Likely the battery was already low. Modern batteries are wonderful things, they have double the power they did 30 years ago, and are maintenance free. No checking the water, etc.
That, unfortunately, has nothing to do with the terminals on top, which seem to need a cleaning every 6 months. Those terminals stick up thru the case, as water tight as the designers can make them, they will push sulphuric fumes thru that area and it bathes the connection in a corrosive atmosphere. Those little felt rings that the auto parts stores push are actually helpful in keeping the fumes off the connection.
If the connections present too much voltage drop, the battery won't charge. I've seen some clean looking terminals that had enough hidden corrosion in the connection that a diagnostic load tester couldn't detect any current. Like it or not they need maintenance. And that goes for Optima's, too.

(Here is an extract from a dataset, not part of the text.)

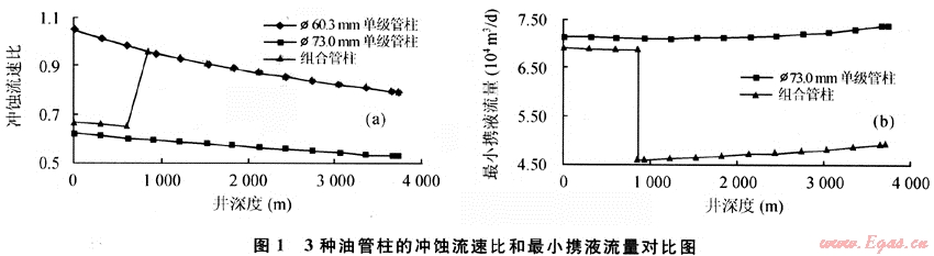 因為Ø60.3mm單級油管柱不能滿足沖蝕要求,所以在下面的攜液能力分析中只對Ø73.0mm單級油管柱和Ø73.0mm×850m+Ø60.3mm×2880m組合油管柱進行對比分析。

Charging a battery takes time. If a 500 CCA battery is down at 50% of it's power rating, then, charging at 10 amps with a bench charger hooked up, it's going to need 250 amps put back in. 250 / 10 equal 25 hours. Two hours won't even begin to do the job. And idling the car that long won't either. While the alternator puts out over 100 amps, the fuel injection, pump, circuits, etc consume up to 80% of its output, so, you're back to that 10 amp hour charge rate. Nobody is going to drive the car for 25 hours to charge it up. Jump starting it does nothing.
Batteries are rated in cranking amps output, but another rating on the label is reserve capacity. That's how long the battery will put out 25 amps of power at 80 degrees before falling below 10.5 VDC. Most will run at least 60 minutes. If you are running a big stereo system with sub woofer rated at 1000 watts, it will pull 25-30 amps all by itself - hence the fuse on the unit. If the battery was already discharged from corroded terminals, it's no wonder the battery was toast in 20 minutes.
Case in point, a few years ago someone pulled into the store off the Interstate with a complaint the headlights were flickering and the car starting to run badly. They had been on the road for four hours, running a 2500 watt stereo system off the normal alternator and single starting battery. Testing the battery showed about 15% power left - the system could not keep up with the draw from the stereo and had drained the battery nearly dead. The clue was the huge cable attached to the positive terminal. In every case that I have seen, the home installer had no clue that the system would easily exceed the power output of the alternator and drain the battery. The few shops locally will install another battery in the trunk for stereo power, but the downside is they seem to last about two years. That's pricey when it's a $150 Optima, but cheap up front compared to adding another alternator and drive system for $500+. Which is exactly what is required on ambulance chassis.
It's all about the math and nobody teaches it or writes it up in the owner's manual. Mostly School of Hard Knocks learning about it.